Complete molecular responses are achieved following reduced intensity stem cell transplantation and donor lymphocyte infusion in chronic myeloid leukaemia

Nicholas B. Heaney, Mhairi Copland, Karen Stewart, Judith Godden, Anne N. Parker, I. Grant McQuaker, Graeme M. Smith, Charles Crawley, Pat Shepherd, and Tessa L. Holyoake*

Section of Experimental Haematology & Haemopoietic Stem Cells, University of Glasgow, Glasgow, United Kingdom
Department of Haematology, Royal Infirmary, Glasgow, United Kingdom
Department of Haematology, Leeds General Infirmary, Leeds, United Kingdom
Clinical Haematology, Addenbrookes Hospital, Leeds, United Kingdom
Western General Hospital, Edinburgh, United Kingdom

* Corresponding author; email: tlh1g{at}clinmed.gla.ac.uk.

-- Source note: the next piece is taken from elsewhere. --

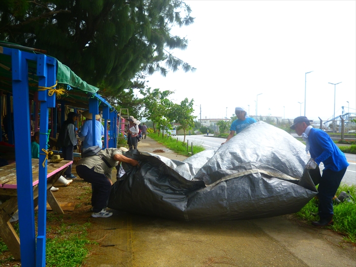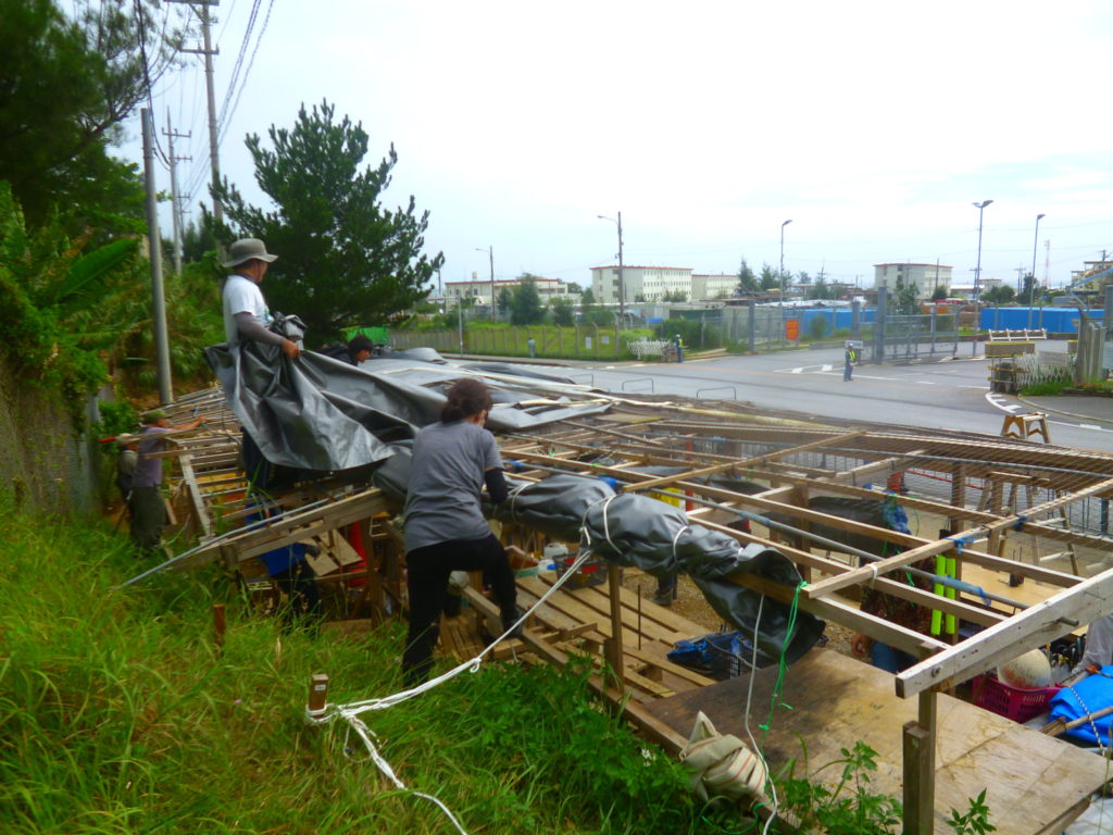 しかし、2回目以降の搬入はないとの通告があり県警の車両も帰ったので、テントの屋根のカバーをはずすなどの台風対策が始まっていた。

Patients with newly diagnosed chronic phase chronic myeloid leukaemia (CML) were treated with imatinib mesylate (IM), for 6-12 months to establish disease control, prior to reduced intensity stem cell transplantation (RISCT). Escalating doses of donor lymphocyte infusions (DLI) were given from 6 months post-transplant to eradicate residual disease. 18 patients entered the study and 15 received RISCT (median follow up 31 months). RISCT was well tolerated with rapid engraftment, short in-patient stays and few readmissions. Viral reactivation was common, although extensive graft versus host disease (GvHD) occurred infrequently. DLI were given as part of the RISCT protocol in 13/15 patients. BCR-ABL transcripts continue to decrease post-RISCT and 8 (53%) patients have achieved sustained undetectable levels. All patients are currently off IM. Although IM is now established as first-line therapy for chronic phase CML, this protocol is a safe, well tolerated and effective strategy in these patients. This study is registered at http://www.controlled-trials.com as ISRCTN86187144.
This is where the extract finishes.